AVAILABLE DATA:
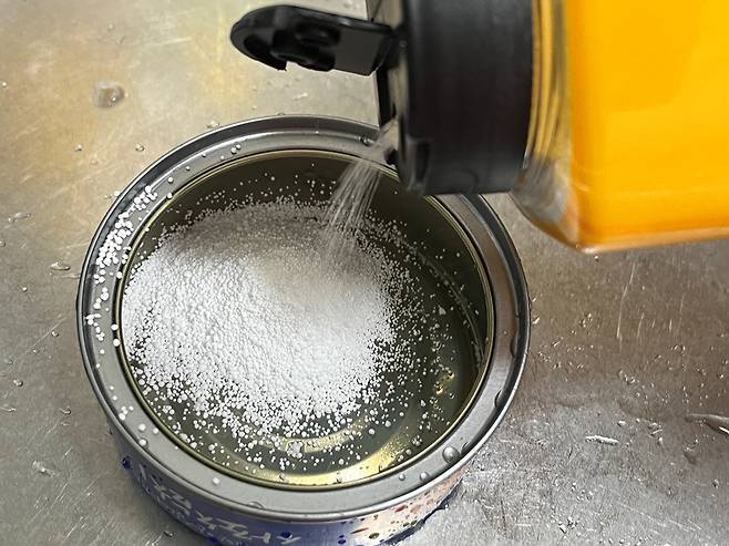 참치캔에는 과탄산소다를 약 2스푼 정도 넣습니다. 과탄산소다를 활용하면 기름때와 찌든 때를 분해하는 데 탁월한 효과가 있습니다.
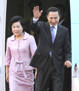 中新網4月21日電 綜合媒體報道,韓國總統李明博20日傍晚搭乘專機自美國抵達日本東京。這是他2月就任總統之后,首次訪日,也是時隔三年四個月之后韓國總統再度訪日。李明博二十一日預定與日本首相福田康夫舉行高峰會,針對朝鮮核武問題、安全保障體系等進行討論,并召開聯合記者會。
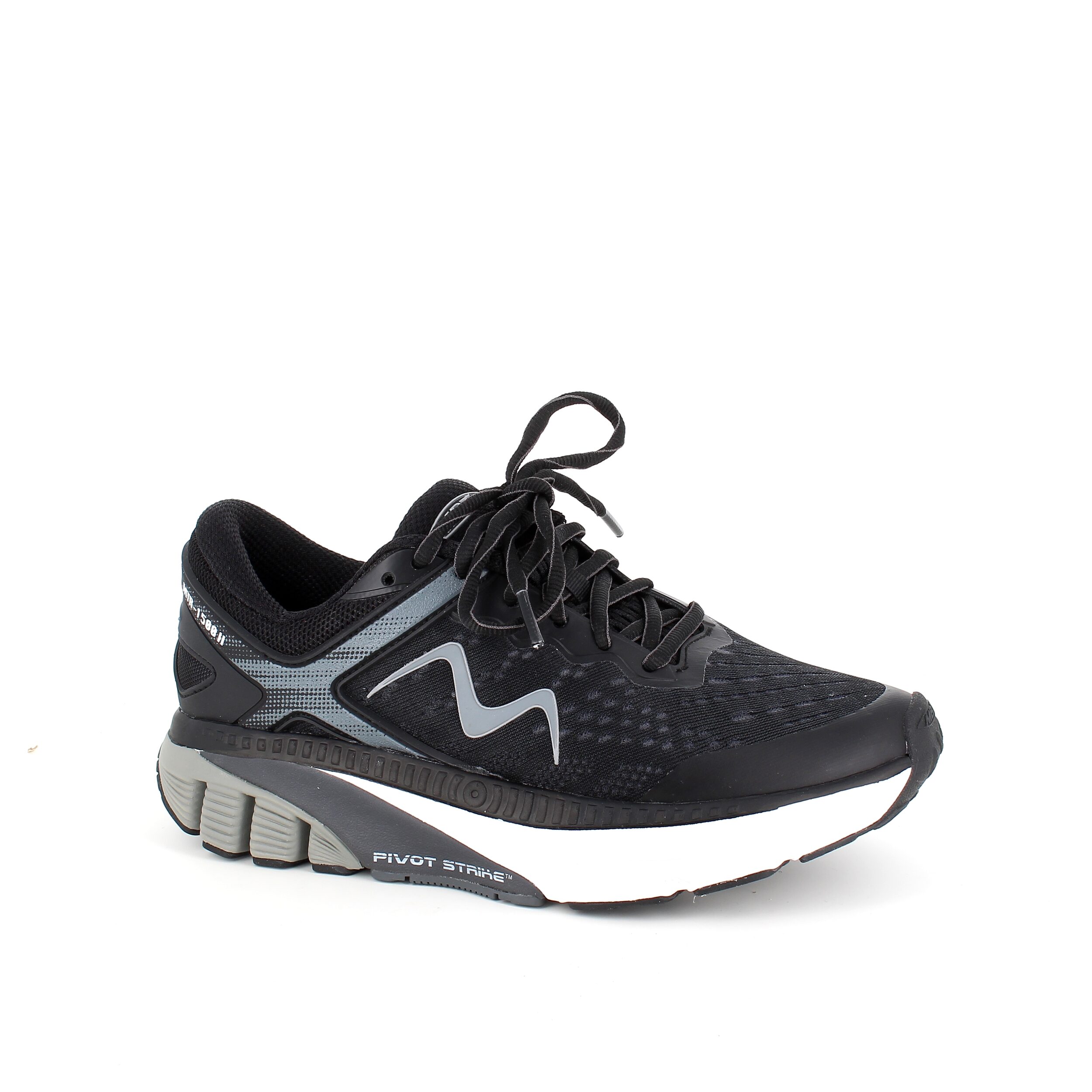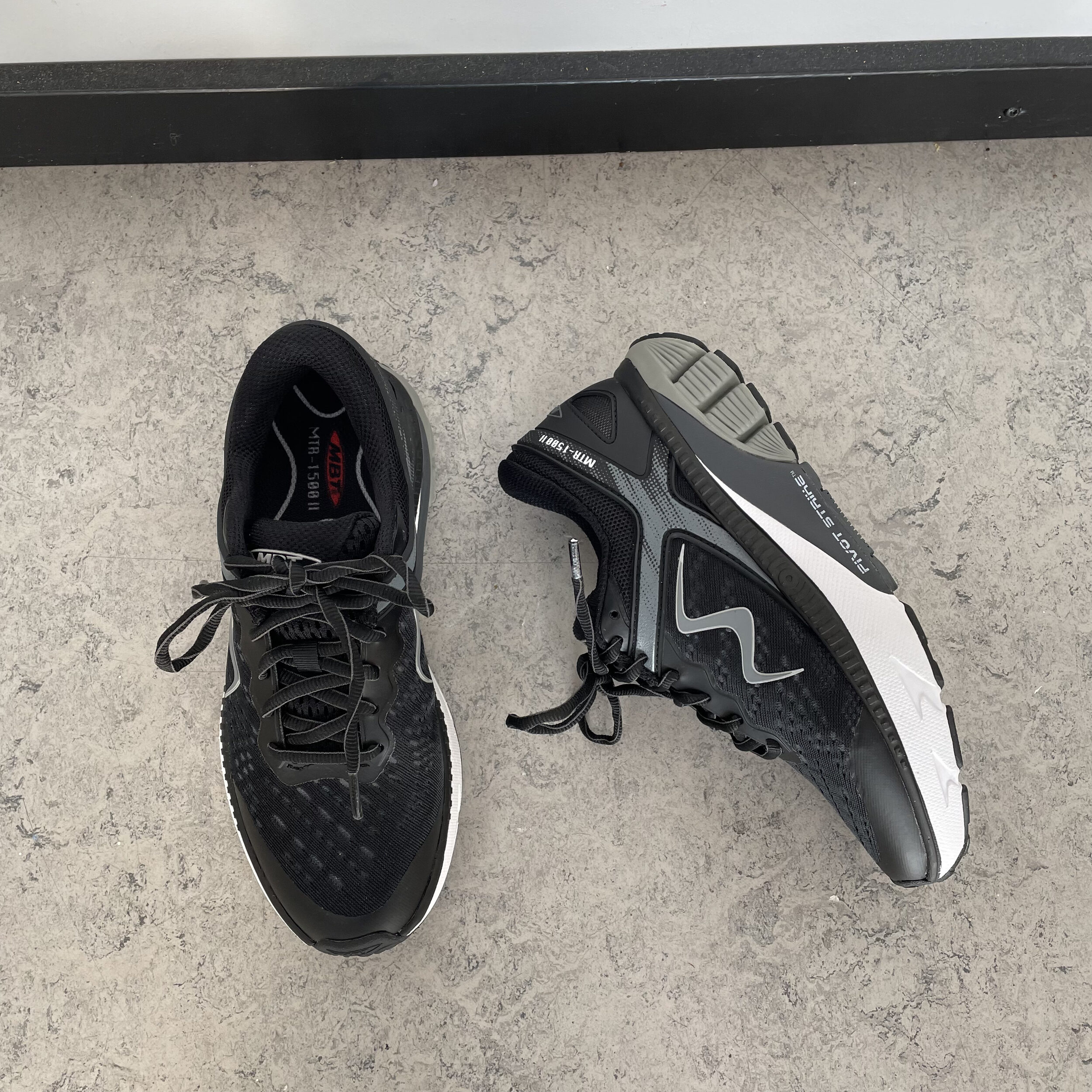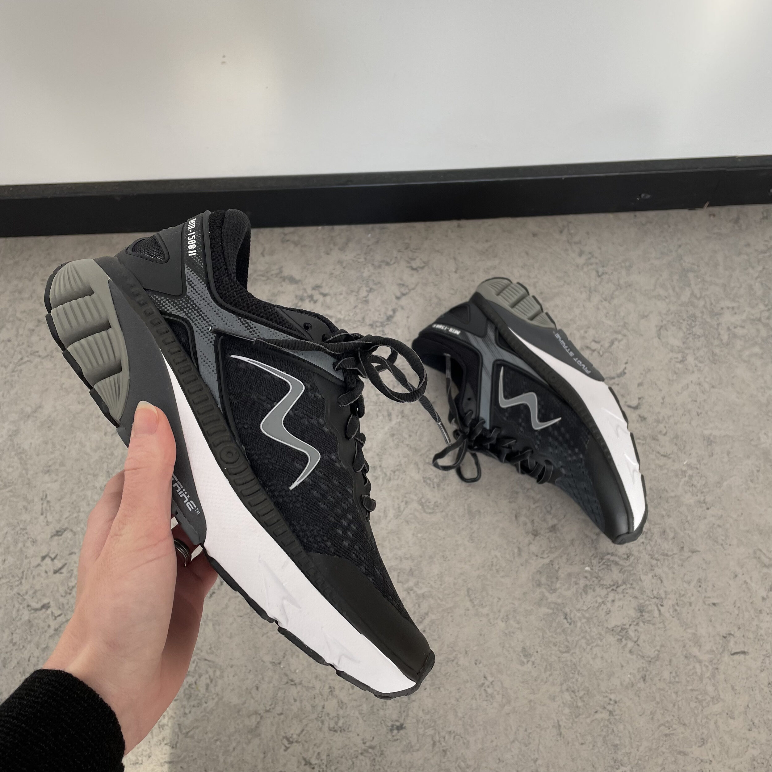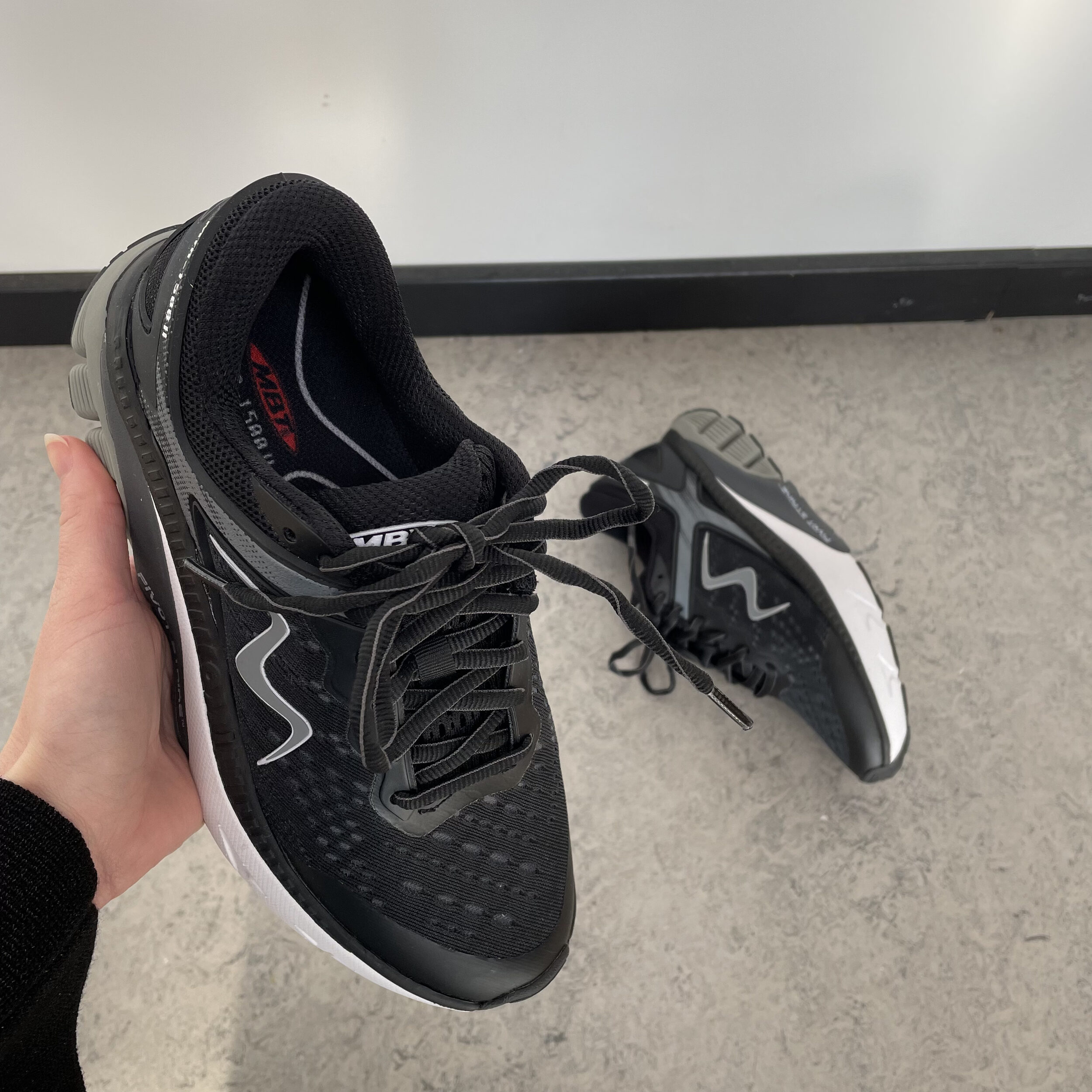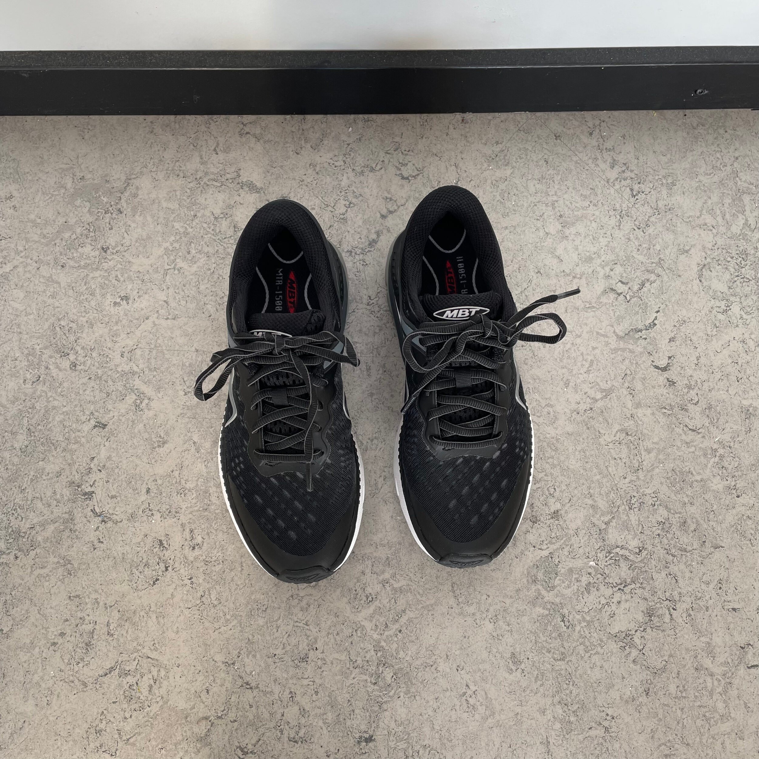Skoen har en unik sålekonstruksjon som gjør at vekten raskt fordeles fra hæl til forfot, noe som er forskjellen på en vanlig sko og en MBT sko.

ASSIGNMENT: Retype the data above exactly. Do not carry over any images.

SOLUTION TO THE EXERCISE:
 참치캔에는 과탄산소다를 약 2스푼 정도 넣습니다. 과탄산소다를 활용하면 기름때와 찌든 때를 분해하는 데 탁월한 효과가 있습니다.
 中新網4月21日電 綜合媒體報道,韓國總統李明博20日傍晚搭乘專機自美國抵達日本東京。這是他2月就任總統之后,首次訪日,也是時隔三年四個月之后韓國總統再度訪日。李明博二十一日預定與日本首相福田康夫舉行高峰會,針對朝鮮核武問題、安全保障體系等進行討論,并召開聯合記者會。
Skoen har en unik sålekonstruksjon som gjør at vekten raskt fordeles fra hæl til forfot, noe som er forskjellen på en vanlig sko og en MBT sko.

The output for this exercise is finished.